Thursday 27 October 2016

Bono: 'You never get used to death' as band deal with passing of tour manager

Bono has paid tribute to U2's tour manager Dennis Sheehan following his death
Bono has paid tribute to U2's tour manager Dennis Sheehan following his death
The late Dennis Sheehan. Photo from U2's official website

Bono doesn't think you ever get used to death.

The Irish rocker and his band U2 are dealing with the death of their long-standing tour manager Dennis Sheehan, who passed away earlier this week of a suspected heart attack.

Dennis, who was in his late sixties, was found unconscious in his LA hotel room just hours before the band had to take to the stage.

"Death is nothing we ever get used to. It never gets easier to lose someone great," Bono told British newspaper The Sun.

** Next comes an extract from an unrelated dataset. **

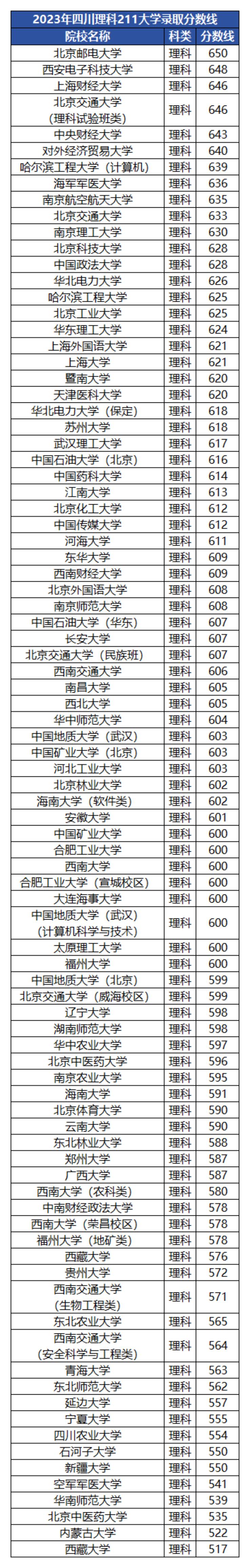 包含39所985大学在内,2023年全国211大学在四川理科的最低录取分数为517分,对应院校为西藏大学,学校在四川文科二本批次进行招生,录取分数低于一本线3分。西藏大学也是在四川招生的116所211高校中唯一一所录取分数低于一本线的大学。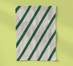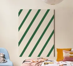 Un motivo minimalista di linee diagonali verde intenso su uno sfondo morbido e caldo color crema. La spaziatura equilibrata e il ritmo costante creano un senso di ordine, calma e tranquilla sicurezza. Pulito e senza tempo, questo disegno si adatta perfettamente a interni moderni, scandinavi e contemporanei, aggiungendo struttura senza sovraccaricare lo spazio.

The sentiment was shared before Dennis passed, with Bono reflecting on the death of U2 drummer Larry Mullen Jr.'s father just before the band started their Innocence + Experience tour. The recent passing of legendary blues star B.B. King had also caused the band to reflect on death.

However, news of Dennis' death came as a complete shock, with the band, including The Edge and Adam Clayton, paying tribute to their colleague and friend at Wednesday night's California show.

Dennis Sheehan

“Being in U2 is not just about the four of us in the band,” Bono continued to the publication.

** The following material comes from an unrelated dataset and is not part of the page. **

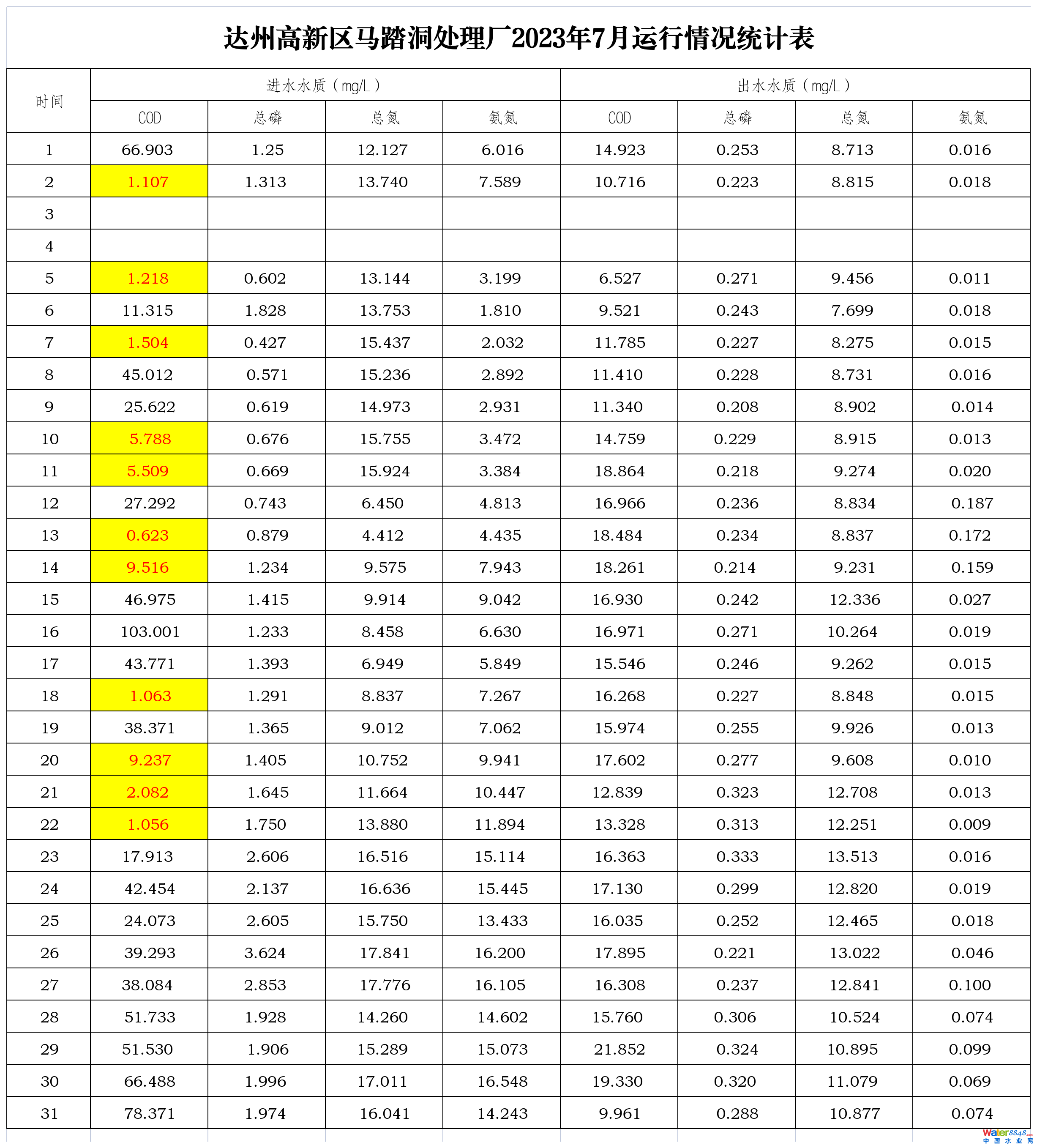 馬踏洞污水處理廠7月份進水濃度多次低于10毫克/升

“There’s a huge team we’ve worked with for a long time. So when Larry returned home for his dad’s funeral, we stayed getting ready for the first night. But Larry had a peace about him; he had made peace with his father.”

READ MORE: 'We've lost a family member' - Bono on death of tour manager Dennis

The 55-year-old has always channelled his emotions into his song writing, and says many of the group's tracks reflect personal experiences.

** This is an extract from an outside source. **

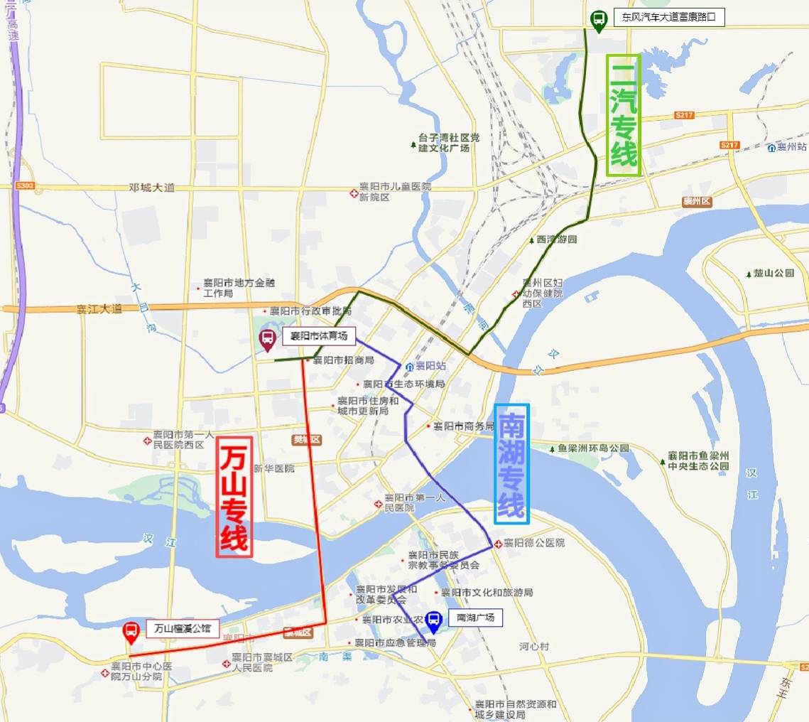 二汽专线由襄阳体育场南侧(七里河路)发车,途经清河路、清河一桥、航空路、高新区管委会,最终到达东风汽车大道富康路口,票价为3元。

Bono himself went through losing his father during a U2 tour, which means he's been able to support Larry.

“These songs deal with family and here we are, having crises in our families as if brought on by the music. Your relationship with your mates and your relationship with your family are the same, as they are people you love.

“I am lucky to still be with these men that I met when they were boys and we still kick sh*t out of each other and it can be unpleasant at times. But if I am stuck, I still turn to them. We all turn to each other," he said.